At 269.409921 seconds, Adjusted mesh time to 229.97731 (Offset = 0) // Result of the line above it is perfectly acceptable so why did we call for this again?
// Especially as it took ages to complete
At 329.193346 seconds, Adjusted mesh time to 288.879509 (Offset = -1646) // 60 seconds pass and a good sync request and reply
At 389.201034 seconds, Adjusted mesh time to 348.885925 (Offset = -1275) // 60 seconds pass and a good sync request and reply
At 389.422462 seconds, Adjusted mesh time to 349.107350 (Offset = 0) // but there we are again 200ms later
At 449.230546 seconds, Adjusted mesh time to 408.912387 (Offset = -3048) // 60 seconds pass and a good sync request and reply
At 509.233926 seconds, Adjusted mesh time to 468.915665 (Offset = -104) // 60 seconds pass and a good sync request and reply
At 509.237931 seconds, Adjusted mesh time to 468.919756 (Offset = 88) // but there we are again 4ms later
At 569.247086 seconds, Adjusted mesh time to 528.927319 (Offset = -1592) // and again 9ms later
At 569.441576 seconds, Adjusted mesh time to 529.121810 (Offset = 0) // and a final one 200ms later but having taken ~200ms to complete
At 629.261349 seconds, Adjusted mesh time to 588.940388 (Offset = -1194) // 60 seconds pass and a good sync request and reply
At 689.271192 seconds, Adjusted mesh time to 648.950215 (Offset = -18) // 60 seconds pass and a good sync request and reply
At 689.454464 seconds, Adjusted mesh time to 649.133484 (Offset = 0) // followed by much delayed reply 180ms later
At 749.283317 seconds, Adjusted mesh time to 708.959752 (Offset = -2585) // 60 seconds pass and a good sync request and reply
At 809.292795 seconds, Adjusted mesh time to 768.968604 (Offset = -628) // 60 seconds pass and a good sync request and reply
At 809.382321 seconds, Adjusted mesh time to 769.58128 (Offset = 0) // just 90ms later we get another reply
At 869.305916 seconds, Adjusted mesh time to 828.979442 (Offset = -2281) // 60 seconds pass and a good sync request and reply
At 929.318240 seconds, Adjusted mesh time to 888.988970 (Offset = -2798) // 60 seconds pass and a good sync request and reply
At 929.342815 seconds, Adjusted mesh time to 889.1665 (Offset = -11878) // 24 ms later a delayed response results in false offset
At 929.687371 seconds, Adjusted mesh time to 889.346221 (Offset = 0) // followed an outlier response 340ms later
At 989.654979 seconds, Adjusted mesh time to 949.325719 (Offset = 11890) // Correction of false offset
At 989.861912 seconds, Adjusted mesh time to 949.532621 (Offset = -33) // so we would expect this retry 200ms or so later
At 1049.871452 seconds, Adjusted mesh time to 1009.540462 (Offset = -1697) // 60 seconds pass and a good sync request and reply
At 1050.311787 seconds, Adjusted mesh time to 1009.980799 (Offset = 0) // so why does this turn up later?

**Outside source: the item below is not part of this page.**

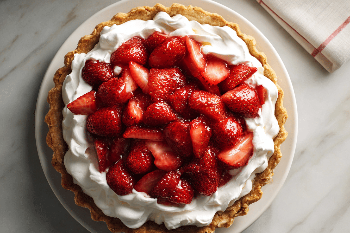 This pie balances simplicity and elegance. The strawberries offer natural sweetness and a gentle tartness, while the crust gives structure and a delicate crunch. Whipped cream adds a silky, luxurious layer, creating a dessert that feels indulgent yet light. Preparing this pie is satisfying, turning fresh, accessible ingredients into a visually stunning and flavorful treat that delights every sense.

This is far from documented proof that there is an issue but it does appear from the additional replies that additional requests are being sent? Is this because the TIME_SYNC_INTERVAL is too low and is firing before the previous is complete. I doubt it is that simple.
What is clear is that turning on logging for S_TIME increases the reported round trip sync time from sub 1000us to a consistent 17500us and the problem goes away. Simply studying the problem affects the observations.
More work to be done but any ideas and suggestions welcome.